The researchers found that clothianidin had much stronger effects than imidacloprid. For worker bumblebees, the activity levels of 55 genes were changed by exposure to clothianidin with 31 genes showing higher activity levels while the rest showed lower activity levels after exposure.

This could indicate that their bodies are reorienting resources to try to detoxify, which the researchers suspect is what some of the genes are doing. For other genes, the changes could represent the intermediate effects of intoxication that lead to affected behavior.

Co-author Dr. Richard Gill, from the Department of Life Sciences at Imperial, said: “Our work reveals that neurotoxic pesticides not only directly target the cells of the nervous system, but also indirectly affect the normal activity of the exposed organism’s genes.”

“Using modern molecular genetic techniques allows us to improve our understanding of pesticide risk to benefit wildlife, such as bees that are crucial for pollinating many of our crops. It can, therefore, inform our selection criteria when we decide which pesticides would be better to use in the environment.”

Lead author of the study Dr. Yannick Wurm, from Queen Mary University of London, said: “While newer pesticide evaluation aims to consider the impact on behavior, our work demonstrates a highly sensitive approach that can dramatically improve how we evaluate the effects of pesticides.”

The pattern contrasted in queen honey bees as 17 genes had changed activity levels, with 16 of the 17 having higher activity levels after introduction to the clothianidin pesticide.

Dr. Joe Colgan, a first author of the study and also from the Queen Mary University of London, said: “This shows that worker and queen bumblebees are differently wired and that the pesticides do not affect them in the same way. As workers and queens perform different but complementary activities essential for colony function, improving our understanding of how both types of colony member are affected by pesticides is vital for assessing the risks these chemicals pose.”

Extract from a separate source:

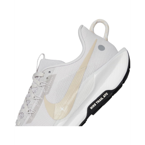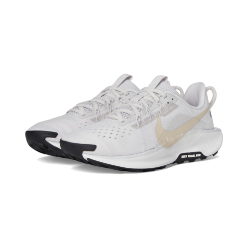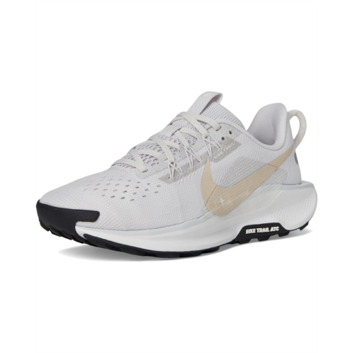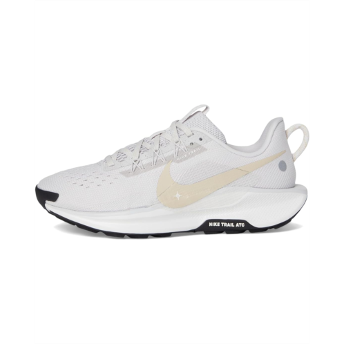 - The Nike Pegasus Trail 5 is a versatile trail-running shoe designed for smooth transitions between road and rugged terrain. It features a springy ReactX foam midsole that delivers energy return13% more responsive than previous React techand a Nike Trail All Terrain Compound (ATC) rubber outsole for enhanced grip on steep inclines and wet surfaces. The engineered mesh upper combines open holes for breathability with tighter weaves in high-wear zones like the toe box, while Flywire technology integrated with the laces helps secure the midfoot for a stable fit.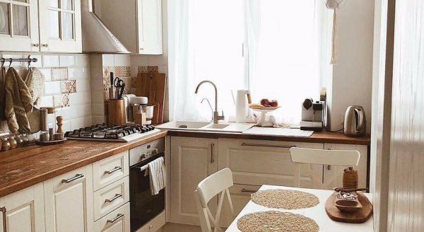 Главное в гарнитуре — лаконичность и простота. Белый, бежевый, пепельный серый или голубой — самые популярные цвета. Столешница может быть выполнена из искусственного или натурального камня, дерева, а фартук — из плитки.Максимум естественного света достигается за счет легких штор, а иногда можно обойтись и вообще без них.

The researchers believe that the approach they have demonstrated could be applied more broadly, providing detailed information on how pesticides differ in the effects they have on beneficial species.

Dr. Colgan added: “We examined the effects of two pesticides on one species of bumblebee. But hundreds of pesticides are authorized, and their effects are likely to substantially differ across the 200,000 pollinating insect species which also include other bees, wasps, flies, moths, and butterflies.”

The study is published in Molecular Ecology.